Catherine’s story
Content warning: This blog contains language that pertains to eating disorders.
At the beginning of the pandemic, I felt isolated. I turned to social media to help cope with the uncertainty of our world's condition. I spent hours a day scrolling through Tik Tok and Instagram; quick workouts and “what I eat in a day” videos flooded my “For You” page.
That content is toxic. It’s poisoning the minds of impressionable children and young adults on the app and it influenced me greatly. I began to spend hours working out everyday and counting the calories in each food I consumed. I was overwhelmed by the societal pressure that to fit in, I needed to look a certain way.
Every time I looked in the mirror, I succumbed to a mental battle. No matter how much exercise or how little I ate, I never looked like the perfectly-posed women and girls I viewed on social media.
On another monotonous social media-filled day, I stumbled upon an influencer that promoted self-love and body positivity. I was immediately intrigued. I admired how confident the woman was; I wanted to be like her. At that moment I realized that a change had to occur. I deserved to be healthy and happy.
Self-love wasn’t granted by some magic spell, it was challenging. I’ll always be trying to figure out how to love my body and who I am, and that’s okay.
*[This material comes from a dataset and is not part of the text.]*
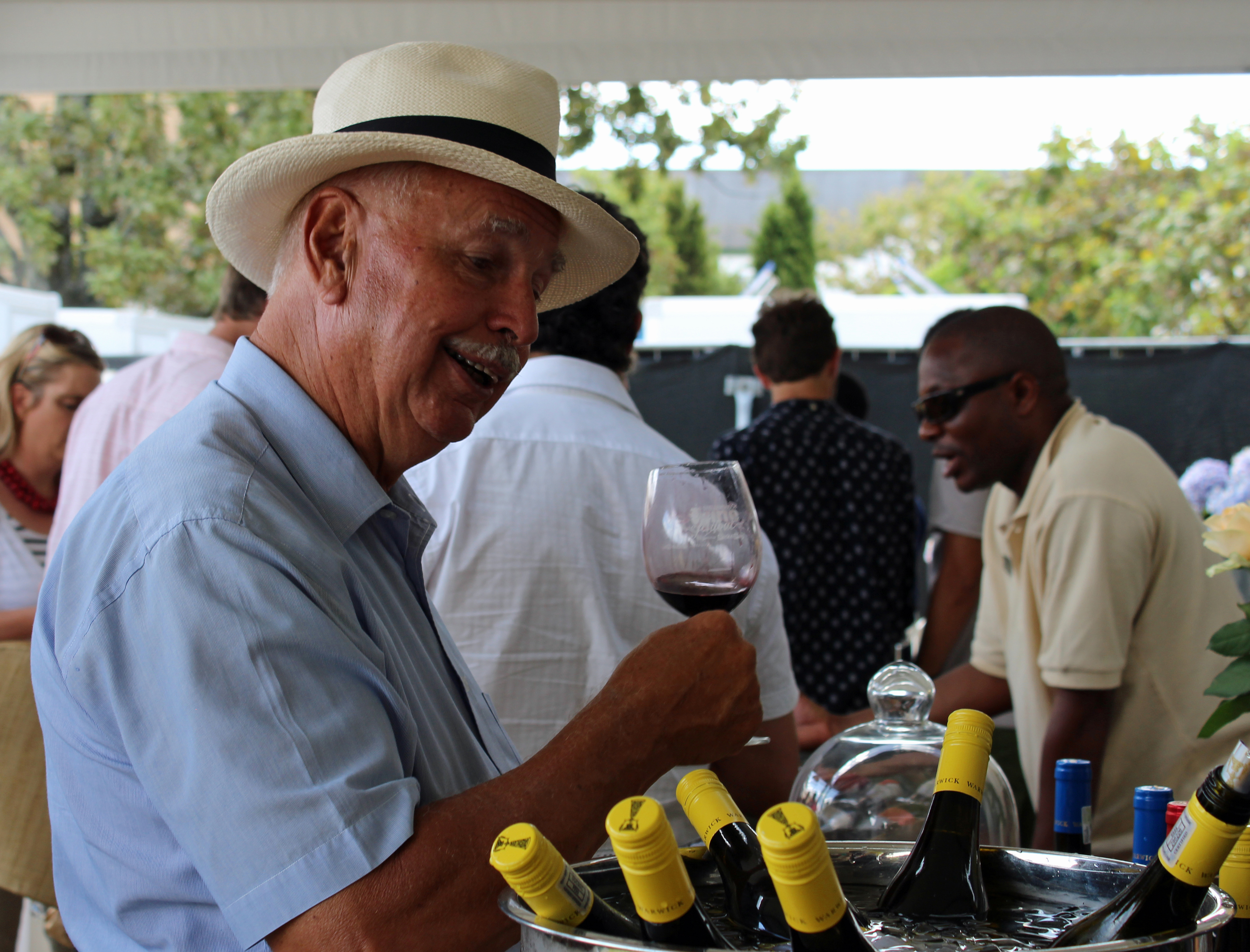 Warwick stall, Stellenbosch Wine Festival Wine Expo 2014 on the Braak

I stopped pressuring myself to eat and exercise in ways that didn’t serve me. I began to exercise when I felt like it and ate what I wanted to. It took some time for the guilt I felt with my new habits to subside, but I found healthy ways to deal with my emotions.
Instead of exercising excessively, I would take long walks on the beach, listen to my favorite songs, or curl up on the couch with my latest read to cope.
My self-love journey changed my whole life. Now I buy clothes that make me feel confident and I follow social media influencers who make me feel good. I learned that to love yourself you need to do what makes you happy.
If you are struggling, I want to tell you that it is possible to get through it. You are beautiful just the way you are, and you don’t need to change for anyone.